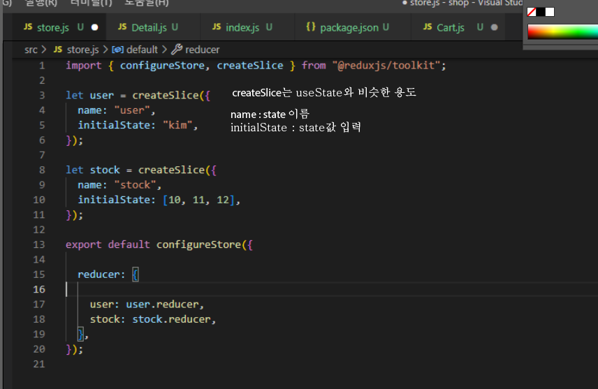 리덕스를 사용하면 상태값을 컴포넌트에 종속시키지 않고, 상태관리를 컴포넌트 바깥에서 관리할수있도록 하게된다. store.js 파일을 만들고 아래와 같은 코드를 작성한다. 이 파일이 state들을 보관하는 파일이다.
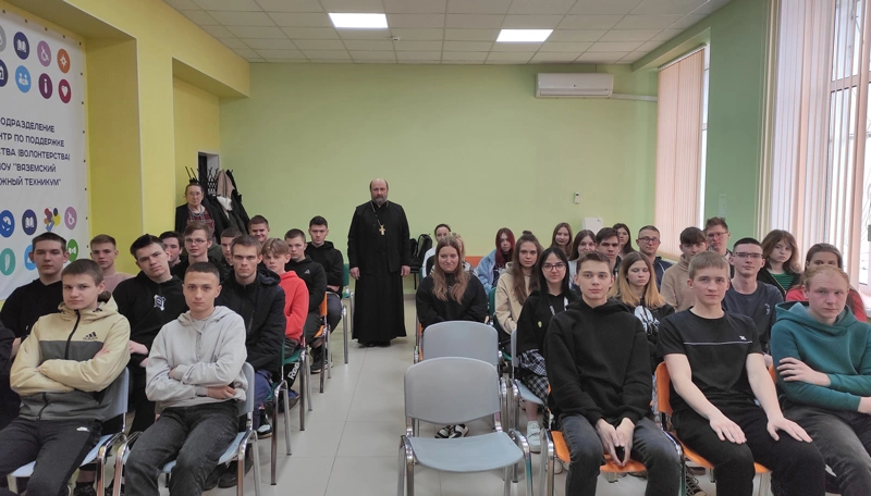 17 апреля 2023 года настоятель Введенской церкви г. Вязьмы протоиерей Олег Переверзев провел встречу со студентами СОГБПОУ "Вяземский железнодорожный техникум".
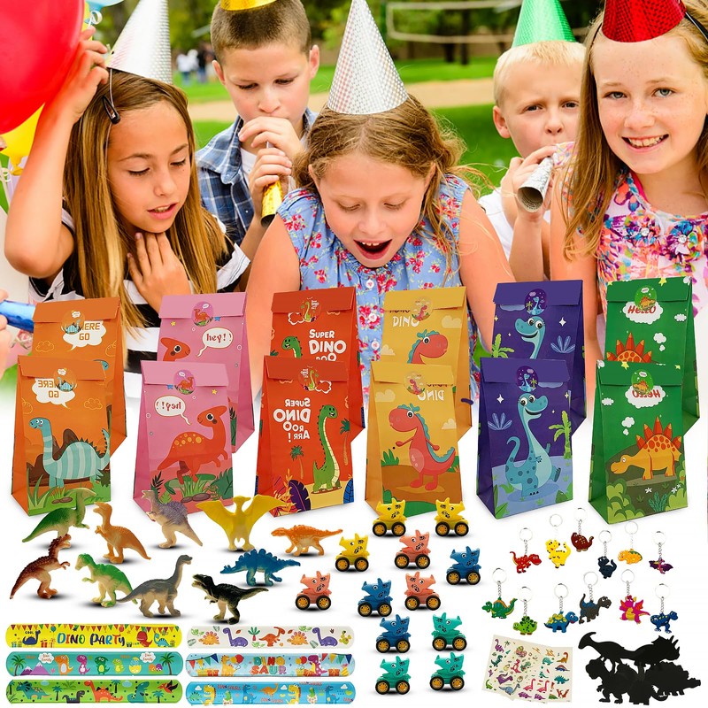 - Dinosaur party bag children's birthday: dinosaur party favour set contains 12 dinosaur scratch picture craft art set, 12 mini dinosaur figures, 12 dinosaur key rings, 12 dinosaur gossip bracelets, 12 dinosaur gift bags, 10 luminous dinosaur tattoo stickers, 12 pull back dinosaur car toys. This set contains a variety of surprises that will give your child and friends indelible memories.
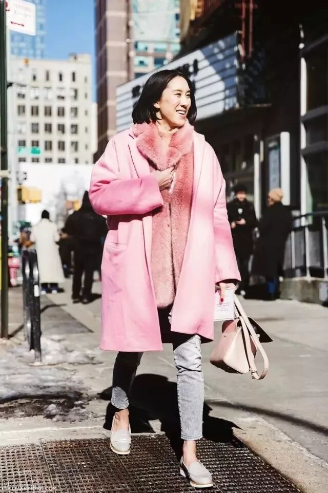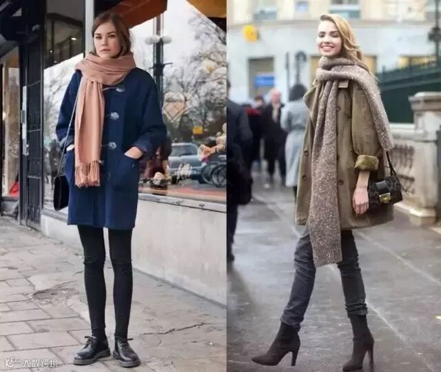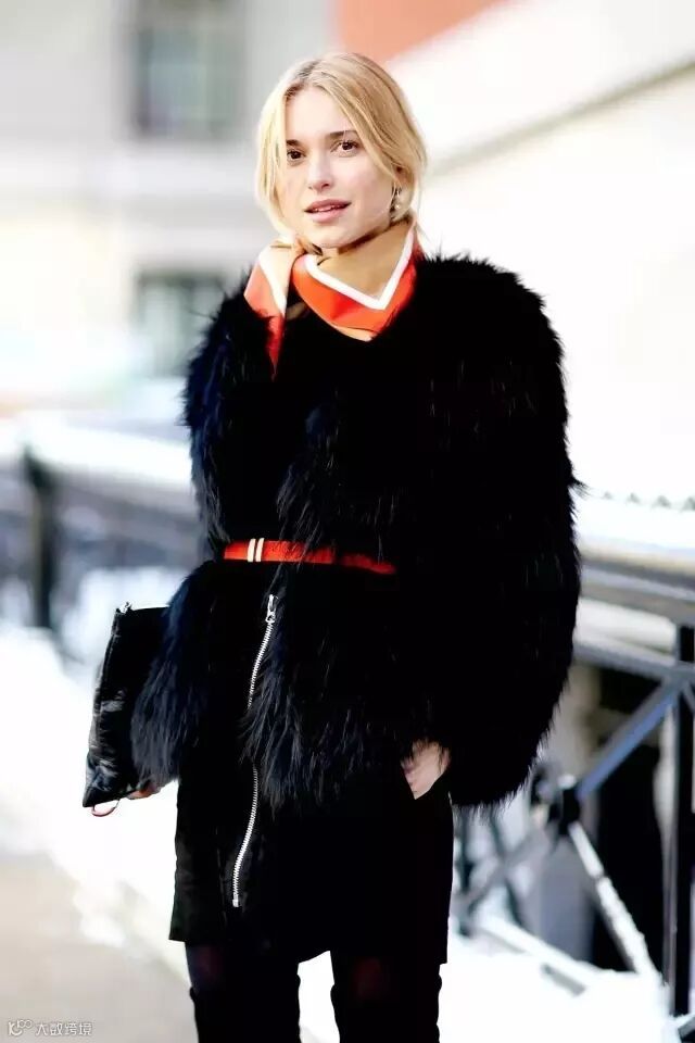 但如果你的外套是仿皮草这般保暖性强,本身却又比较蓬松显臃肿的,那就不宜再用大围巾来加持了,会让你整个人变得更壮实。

▶ What to do
What is needed is a verbatim copy of the material, minus its pictures.

▶ Exercise response
 리덕스를 사용하면 상태값을 컴포넌트에 종속시키지 않고, 상태관리를 컴포넌트 바깥에서 관리할수있도록 하게된다. store.js 파일을 만들고 아래와 같은 코드를 작성한다. 이 파일이 state들을 보관하는 파일이다.
 17 апреля 2023 года настоятель Введенской церкви г. Вязьмы протоиерей Олег Переверзев провел встречу со студентами СОГБПОУ "Вяземский железнодорожный техникум".
 - Dinosaur party bag children's birthday: dinosaur party favour set contains 12 dinosaur scratch picture craft art set, 12 mini dinosaur figures, 12 dinosaur key rings, 12 dinosaur gossip bracelets, 12 dinosaur gift bags, 10 luminous dinosaur tattoo stickers, 12 pull back dinosaur car toys. This set contains a variety of surprises that will give your child and friends indelible memories.
 但如果你的外套是仿皮草这般保暖性强,本身却又比较蓬松显臃肿的,那就不宜再用大围巾来加持了,会让你整个人变得更壮实。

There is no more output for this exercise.